In a 2010 interview, Haines claimed that in the aftermath of the February 1974 general election, Harold Wilson had planned to discredit Liberal leader Jeremy Thorpe by exposing Thorpe's relationship with Norman Scott in the event of the Conservative government reaching an agreement with the Liberals that would have permitted it to remain in power.

Later career

In 1976, he joined the Daily Mirror. At the time Robert Maxwell purchased Mirror Group Newspapers on 12 July 1984, Haines told a meeting of his colleagues that their new proprietor "is a crook and a liar – and I can prove it".
Appointed the Mirror Group's political editor shortly after Maxwell's purchase of the Group, he also became a non-executive director of the board, and from 1984 to 1990 he was the Mirror's assistant editor. In 1988, the authorised biography by Haines of Robert Maxwell was published. The Mirror's then owner had commissioned the work to pre-empt a biography by investigative journalist Tom Bower, which Maxwell unsuccessfully attempted to have withdrawn. Haines' biography was generally considered to be encomium and was treated with a mixture of ridicule and extreme criticism by the media at the time of its release – The Times referred to it as "notorious". According to Tom Bower, Haines' biography was so flattering Maxwell would give out copies instead of business cards. A report in 2001 by the Trade and Industry Department inspectors into the collapse of Maxwell's business empire found that Haines "had accepted the position and ought to have discharged the responsibilities that went with the position. He therefore bears a limited measure of responsibility" for the debacle.

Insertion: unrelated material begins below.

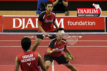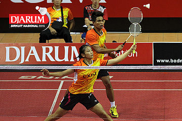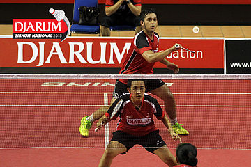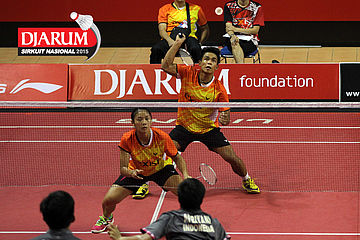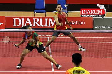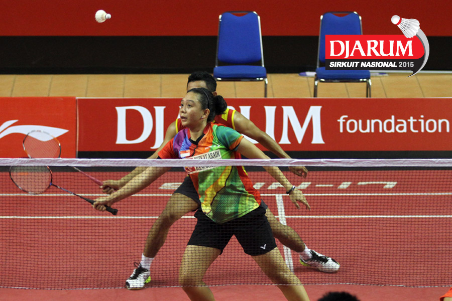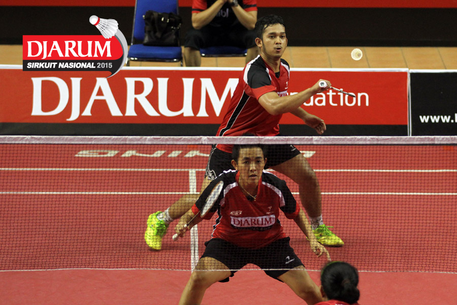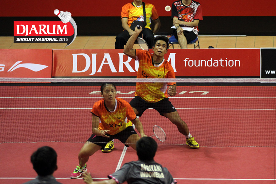 Jeka Wiratama/Vita Marissa (Djarum Kudus) bersiap menghadang serangan dari Irfan Fadhillah/Weni Anggraini (Jaya Raya)

In 1991, only a few days after the death from HIV/AIDS of Queen's lead singer Freddie Mercury, The Daily Mirror ran a column authored by Haines. In this column, Haines described the late bisexual singer as "sheer poison - a man bent - the apt word in the circumstances - on abnormal sexual pleasures", accused him of "touring the streets seeking rent boys to bugger and share drugs with" and called Mercury's "private life" a "revolting tale of depravity, lust and downright wickedness". In addition, after mentioning that AIDS' "main victims in the Western world are homosexuals", Haines went on to say that for Mercury's "kind", AIDS is "a form of suicide". The article – characterised by others as filled with "rabid homophobia" – prompted an open letter in condemnation from folk singer Lal Waterson, later recorded as a song by her sister Norma.

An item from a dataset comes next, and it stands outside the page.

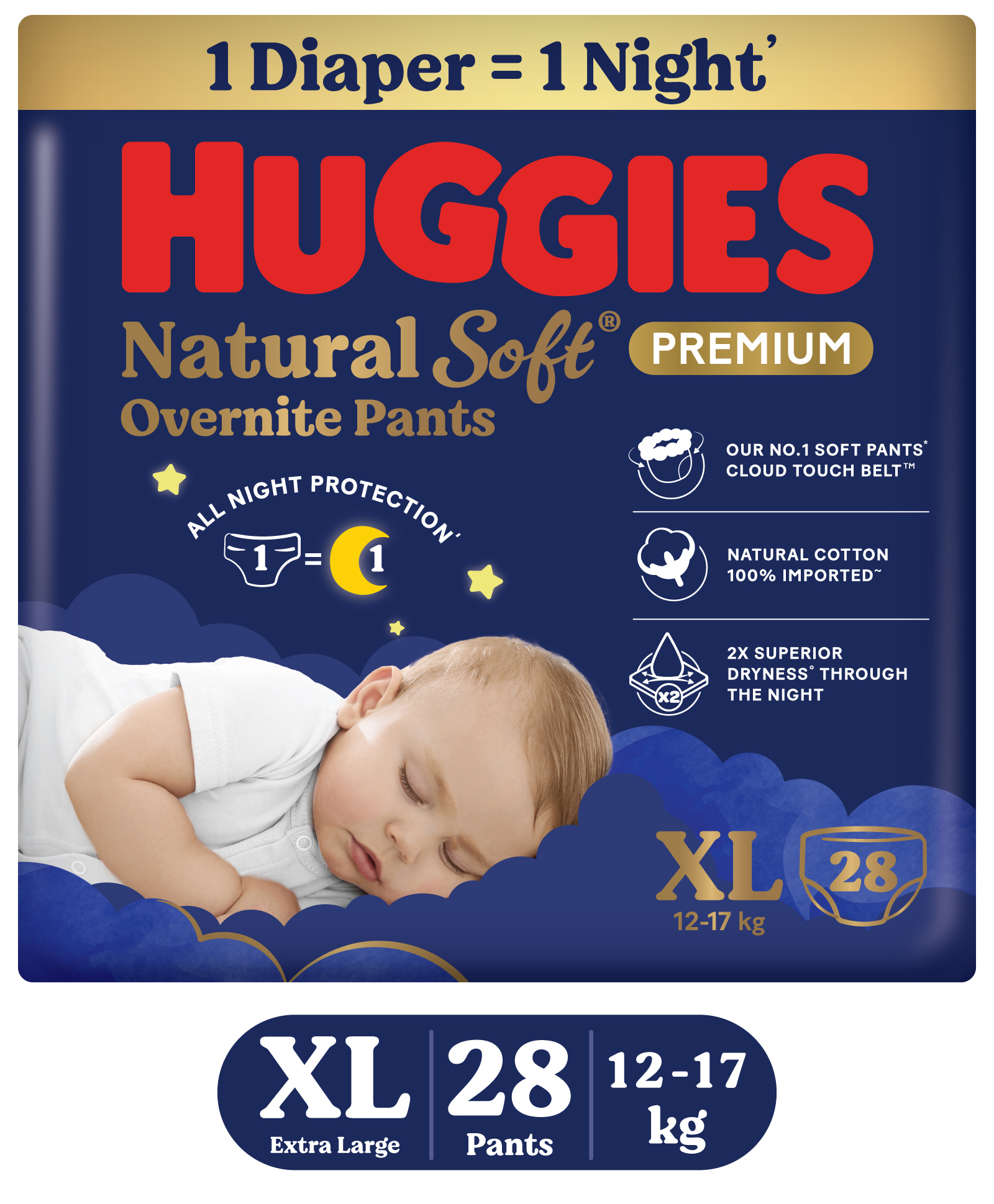 Huggies Natural Soft Overnite Diaper Pants| Premium Pant Style Baby Diapers Extra Large Size (XL Size | 12-17 Kgs) , 28 count| Keeps baby dry all night with cloud softness all over

It is worth noting that Joe Haines’ perverse homophobic bigotry would now be publishable in the United Kingdom. In October 2007, the U.K. Government announced that it would seek to introduce an amendment to the Criminal Justice and Immigration Act to create a new offence of incitement to hatred on the grounds of sexual orientation. Since 2008, expressions of hatred toward someone on account of that person's colour, race, disability, nationality, ethnic or national origin, religion, gender identity, or sexual orientation is forbidden. Any communication which is threatening or abusive, and is intended to harass, alarm, or distress someone is forbidden. The penalties for hate speech include fines, imprisonment, or both.